A scuola di astrobiologia - Parte 1

in Racconti ed esperienze

di Laura Vardè e M. Rosaria Di Salvatore | del 19/09/2016 |commenta

A scuola di astrobiologia - Parte 1
Come si è originata la vita e come si è evoluta? Si tratta di un fenomeno legato all'evoluzione cosmica o un caso limitato a pochi pianeti? La vita esiste solo sulla Terra o anche altrove nell'Universo. Laboratorio di astrobiologia tra multidisciplinarità e fantascienza.

Da moltissimo tempo, gli esseri umani si interrogano sulla possibilità che esistano forme di vita extraterrestri.

Mossi dalla stessa curiosità un gruppo di alunni delle classi quarte del Liceo Scientifico e Linguistico di Ceccano coordinati dalle professoresse Laura Vardé, docente di Scienze Naturali e Maria Rosaria Di Salvatore, docente di Matematica e Fisica ha  deciso di interessarsi all’astrobiologia: la disciplina che si occupa di investigare le origini della vita e la possibilità di vita extraterrestre.

Per testare la possibilità di vita oltre la Terra gli alunni hanno partecipato all’attività sperimentale (svoltasi nei laboratori di Astrobiologia dell’Università degli studi di Tor Vergata di Roma  ed in collaborazione con l’ESA - Agenzia Spaziale Europea), per verificare la capacità di un ceppo di  cianobatteri  estremofili terrestri di tollerare l’ambiente spaziale e marziano in bassa orbita terrestre.

Il lavoro svolto ha inquadrato dal punto di vista culturale e formativo la questione dell’origine della vita attraverso un approccio multidisciplinare investigando  alcuni aspetti astrofisici e biochimici e prediligendo una didattica di tipo laboratoriale. Un’occasione unica per gli studenti liceali  quella di cimentarsi nell’applicazione di tecniche di biologia molecolare sul genoma batterico qual la PCR (Polymerase chain Reaction: la reazione a catena della polimerasi) e il fingerprint genomico, nonché occasione di utilizzare il microscopio confocale a fluorescenza.

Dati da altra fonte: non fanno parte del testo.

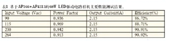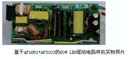 AP1661是一款工作于臨界導通模式下的有源功率因數校正控制芯片,可廣泛應用于開關電源、LED驅動和電子鎮流器的預調整變換器控制。該芯 片內部包括1個啟動定時器可滿足待機應用要求,1個能實現接近于1的功率因數的單象限乘法器和1個零電流檢測模塊確保臨界斷續方式工作。AP1661的圖 騰柱驅動輸出能夠為外部MOSFET或IGBT提供最大600mA驅動電流和800mA關斷電流能力。采用了先進的雙極型互補金屬氧化物半導體設計和制造 工藝,具有低啟動電流,低工作電流和低功耗的特點。AP1661同時具有完善的保護功能,包括過壓保護、帶有滯后的輸入欠壓鎖定和乘法器輸出嵌位以限制開 關最大峰值電流。圖7為該方案60W應用電路樣機實物照片。圖8為應用該方案LED直管燈實物照片。
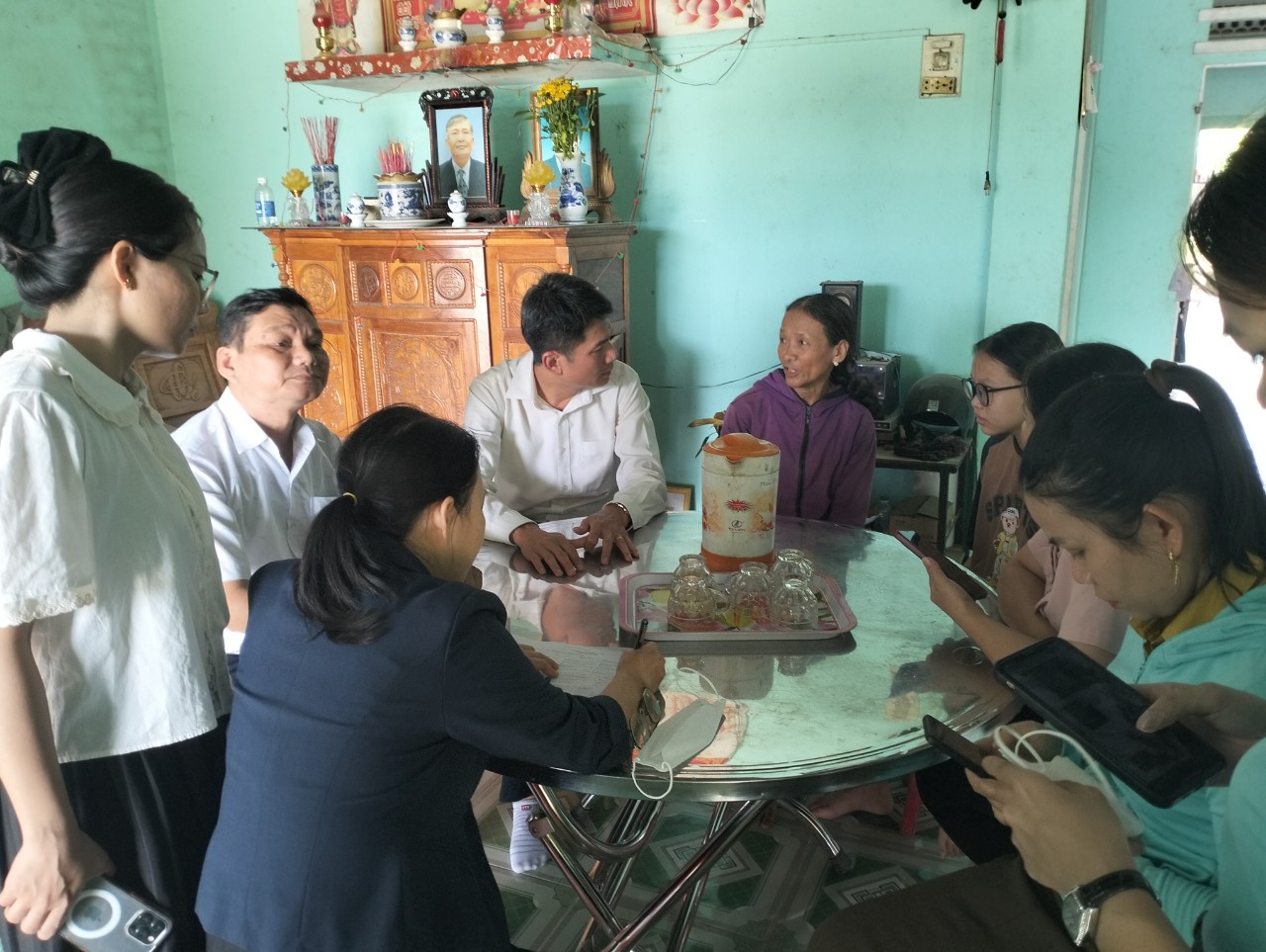 Ông Nguyễn Phước Niên- Phó chủ tịch UBND xã trò chuyện cùng gia đình em Thùy Dương, học sinh trường THCS Phan Bội Châu

Le origini della vita - ipotesi.

Gli alunni hanno effettuato ricerche per spiegare l’origine della vita e si sono documentati sulle  due teorie attualmente più accreditate: l’evoluzione chimica della vita e la litopanspermia. Partendo dallo studio delle caratteristiche geologiche e climatiche della terra presenti circa 4 miliardi di anni fa e sui cambiamenti subiti successivamente, proseguendo con l’analisi  degli elementi chimici che costituiscono gli organismi viventi in particolare, gli studenti si sono soffermati sulla ragione per cui la vita sia centrata sul carbonio  e non su un altro elemento chimico come ad esempio il silicio (che presenta caratteristiche chimiche simili al carbonio).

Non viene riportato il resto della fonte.